■ What the task requires ■
Write out, word for word, every line in the data below from the one containing "用户属性界面中,点击右上角的添加用户属性,弹出添加用户属性窗口。如下图" to the one containing "新闻网讯(文/曾晨 图/熊超", both of them included.

■ Records for this exercise ■

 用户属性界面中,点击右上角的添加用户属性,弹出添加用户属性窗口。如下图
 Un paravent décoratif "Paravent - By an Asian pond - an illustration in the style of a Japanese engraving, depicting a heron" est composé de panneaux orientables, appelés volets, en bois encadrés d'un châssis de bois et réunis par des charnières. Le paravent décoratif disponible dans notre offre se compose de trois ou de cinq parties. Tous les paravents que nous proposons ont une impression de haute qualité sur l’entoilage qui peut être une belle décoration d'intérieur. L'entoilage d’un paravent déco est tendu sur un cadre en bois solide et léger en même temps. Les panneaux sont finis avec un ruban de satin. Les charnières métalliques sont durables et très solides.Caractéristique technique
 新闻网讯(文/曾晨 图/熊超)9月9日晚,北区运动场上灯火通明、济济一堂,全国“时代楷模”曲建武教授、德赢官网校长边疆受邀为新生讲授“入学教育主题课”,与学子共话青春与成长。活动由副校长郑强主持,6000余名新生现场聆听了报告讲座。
--
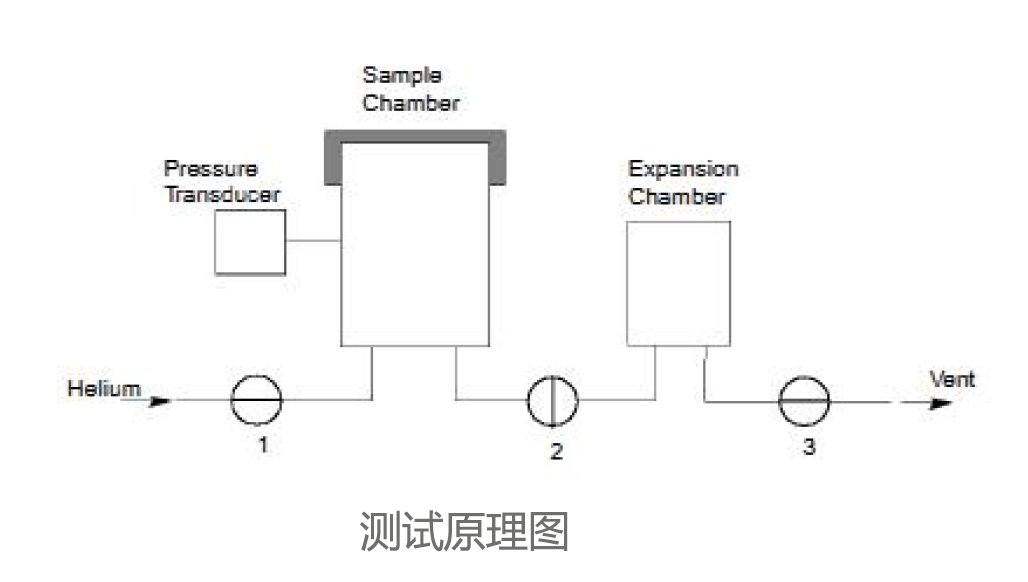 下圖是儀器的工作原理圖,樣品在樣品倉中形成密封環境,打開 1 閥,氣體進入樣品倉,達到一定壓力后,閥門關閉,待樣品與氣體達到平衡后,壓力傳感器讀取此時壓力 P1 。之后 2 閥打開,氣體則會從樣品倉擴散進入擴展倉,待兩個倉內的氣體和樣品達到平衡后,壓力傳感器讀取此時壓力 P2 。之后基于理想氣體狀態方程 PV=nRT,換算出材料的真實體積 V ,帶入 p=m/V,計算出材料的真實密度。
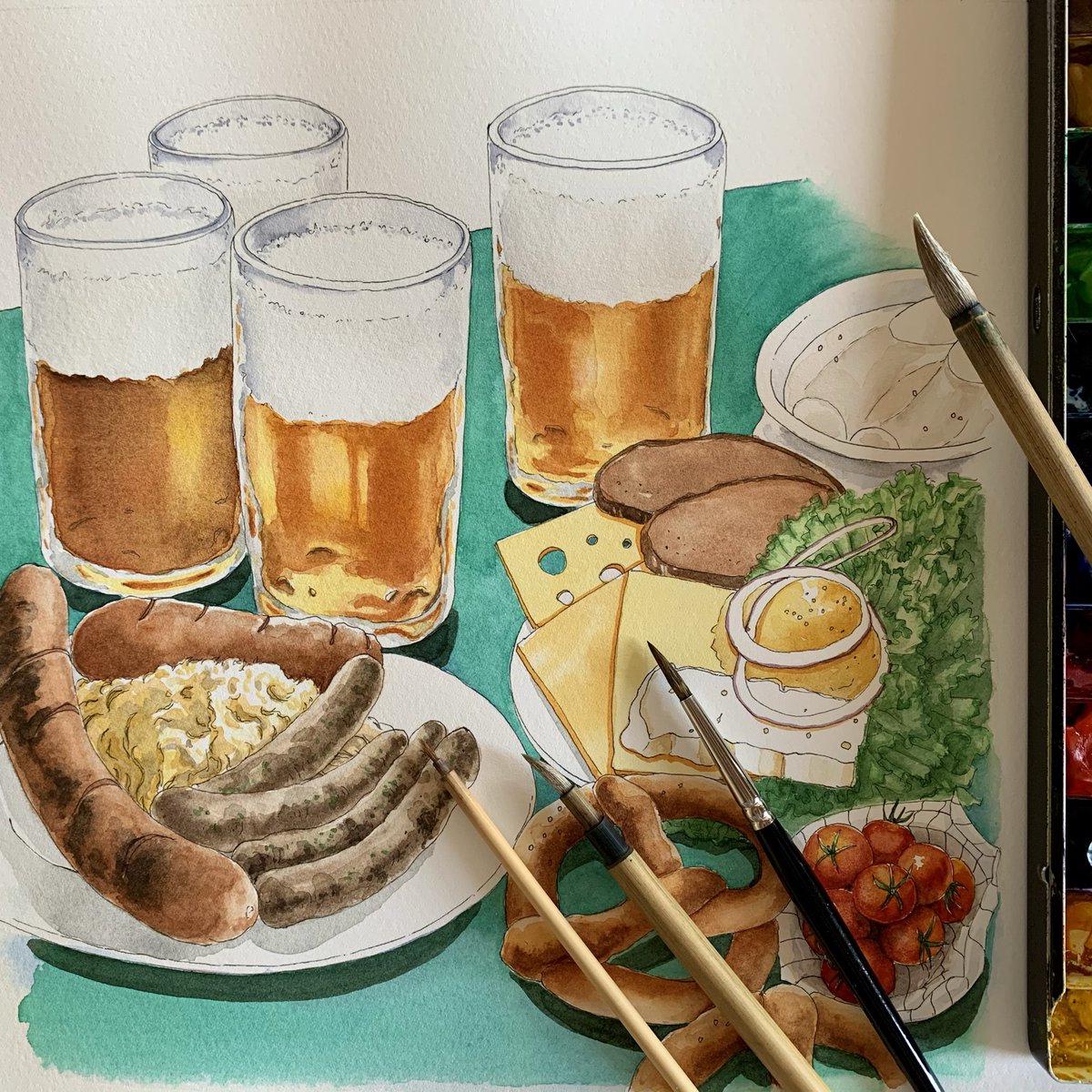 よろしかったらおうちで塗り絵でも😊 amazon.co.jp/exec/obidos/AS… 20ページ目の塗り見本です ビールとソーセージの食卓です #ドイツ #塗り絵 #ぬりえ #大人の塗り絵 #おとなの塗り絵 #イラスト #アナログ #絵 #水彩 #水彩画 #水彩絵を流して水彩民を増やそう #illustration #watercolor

■ Answer space ■
 用户属性界面中,点击右上角的添加用户属性,弹出添加用户属性窗口。如下图
 Un paravent décoratif "Paravent - By an Asian pond - an illustration in the style of a Japanese engraving, depicting a heron" est composé de panneaux orientables, appelés volets, en bois encadrés d'un châssis de bois et réunis par des charnières. Le paravent décoratif disponible dans notre offre se compose de trois ou de cinq parties. Tous les paravents que nous proposons ont une impression de haute qualité sur l’entoilage qui peut être une belle décoration d'intérieur. L'entoilage d’un paravent déco est tendu sur un cadre en bois solide et léger en même temps. Les panneaux sont finis avec un ruban de satin. Les charnières métalliques sont durables et très solides.Caractéristique technique
 新闻网讯(文/曾晨 图/熊超)9月9日晚,北区运动场上灯火通明、济济一堂,全国“时代楷模”曲建武教授、德赢官网校长边疆受邀为新生讲授“入学教育主题课”,与学子共话青春与成长。活动由副校长郑强主持,6000余名新生现场聆听了报告讲座。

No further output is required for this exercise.